Aside from the channels above there are is now a trend towards looking for people online, via various social media and other channels. Or, maybe they have someone’s name but they want to find out more before they proceed.

The cost of not filling a role or of hiring the wrong person or high so it’s reasonable that companies and recruiters will try to find out as much as they can, and in places you might not expect.

Here are some places they might look.

In most cases below, people can search for a name or more generic terms (e.g. developers in Sydney). Once if they find someone they’ll usually expand out the search to see that person’s contact, followers etc and get even more names of potential candidates.

1. Twitter.   This is a great starting place to see who you follow or interact with, what types of things you post and how you communicate.

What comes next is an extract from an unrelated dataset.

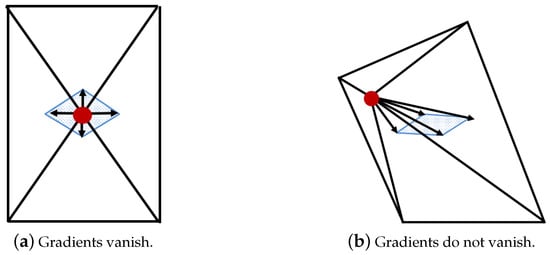 Figure 1a shows an example when the gradient of the constituent element quality with respect to the free vertex (red) vanishes. The four arrows indicate the (negative) gradient of their quality with respect to the free vertex. Since our goal is to minimize the objective function as in Equation (2), we consider the direction of the negative gradients. The blue area indicates a convex hull of the gradients, and the free vertex is located inside the convex hull of the gradients. For this case, the gradients vanish since all elements around the free vertex reach the ideal element qualities. Therefore, the movement of the free vertex could deteriorate the element qualities (of at least one element) around the free vertex. Figure 1b shows an example when the free vertex is located outside the convex hull of the (negative) gradients of the constituent element quality functions. For this case, the movement of the free vertex is able to significantly improve all element qualities around the free vertex. Therefore, we prioritize this free vertex when the vertex reordering is performed.
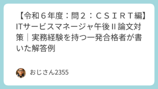 令和6年度 ITサービスマネージャ試験 午後Ⅱ(問1)のISPをテーマにしたサンプル解答を掲載。実務経験者が実際にまとめた合格レベルの論文例で、試験対策や答案作成の参考に役立ちます。

Use this to your advantage – follow or interact with companies you like or ‘influencers’, post relevant content. Also remember that companies often post vacancies on Twitter so it’s a great place to see what roles they offer and how they deal with candidates.

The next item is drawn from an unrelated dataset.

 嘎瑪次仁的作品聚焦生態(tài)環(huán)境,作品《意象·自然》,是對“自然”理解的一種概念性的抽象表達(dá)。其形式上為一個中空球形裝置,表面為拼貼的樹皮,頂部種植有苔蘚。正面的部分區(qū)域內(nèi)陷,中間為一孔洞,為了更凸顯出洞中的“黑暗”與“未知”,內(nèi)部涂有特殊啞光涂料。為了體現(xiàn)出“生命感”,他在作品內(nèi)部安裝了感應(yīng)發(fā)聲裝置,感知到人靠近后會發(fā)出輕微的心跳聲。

2. LinkedIn.   Recruiters are likely to have a look at your LinkedIn profile, but they also search more generically for people with certain skills or in specific locations. This means you should keep your profile up -to-date (but remember to disable notifications if you don’t want your current employer to suspect you’re thinking of moving). Do you have a title showing what you currently do or what you’re looking for? Do you have a few, specific recommendations from people about how you work? (See my other blog about creating a good Linkedin profile and CV.)

3. Facebook.   Depending on your privacy settings there could be a wealth of information on Facebook that you don’t realise is public. Check what your profile looks like to people who aren’t friends and edit posts/photos that you want to remain private.

4. Instagram.   As with all social media, employers can tell a lot about you from what you post or respond to.

5. GitHub.   I’ve heard many times that if you’re a developer you need to have a GitHub profile.

6. Meetup.   If I was looking for someone with, for example, testing automation experience, one of the first places I’d look would be the local meetups. I’d get the list of members and then cross-reference them with other places (Twitter, LinkedIn etc). If you belong to meetups, make sure your profile – for each group you belong to – is up-to-date.

7. Google.   A plain, old Google search might yield lots of information about you or people like you. Google+ is used in some countries but not in others. For example, if you work in India (or if you want to be found by an Indian company), you need a Google+ profile. A reverse image lookup (drag an image and drop into the search bar) might take searchers to other places online where your details can be found.

8. Online.   Searchers might look at sites where tech people can offer their services or display their portfolios. You might be found on one of these – Bēhance, Elance, Upwork, peopleperhour, Fiverr, dribble, etc. What about if you leave a review with you name on TripAdvisor, AirBnB, eating out sites etc? People can get a sense of your tone, your attitude and what you do in your spare time.

What will they find out about you?

It’s not only about how you might be found, but also what information people might uncover when they find you.

  • If you use your name in any of these sites or applications then make sure you have content that won’t discourage potential employers.
  • Keep in mind the image you are portraying online. Does your online presence give the impression that you’d be a suitable employee for the kind of company you want to work for?
  • You don’t need to sign up to all the sites listed above. Only do so if it makes sense (e.g. if you’re a developer then GitHub is a good place to start).

So, be aware of your presence online, but possibly even more importantly be honest, professional and hard-working … these are the things that will ultimately create your reputation.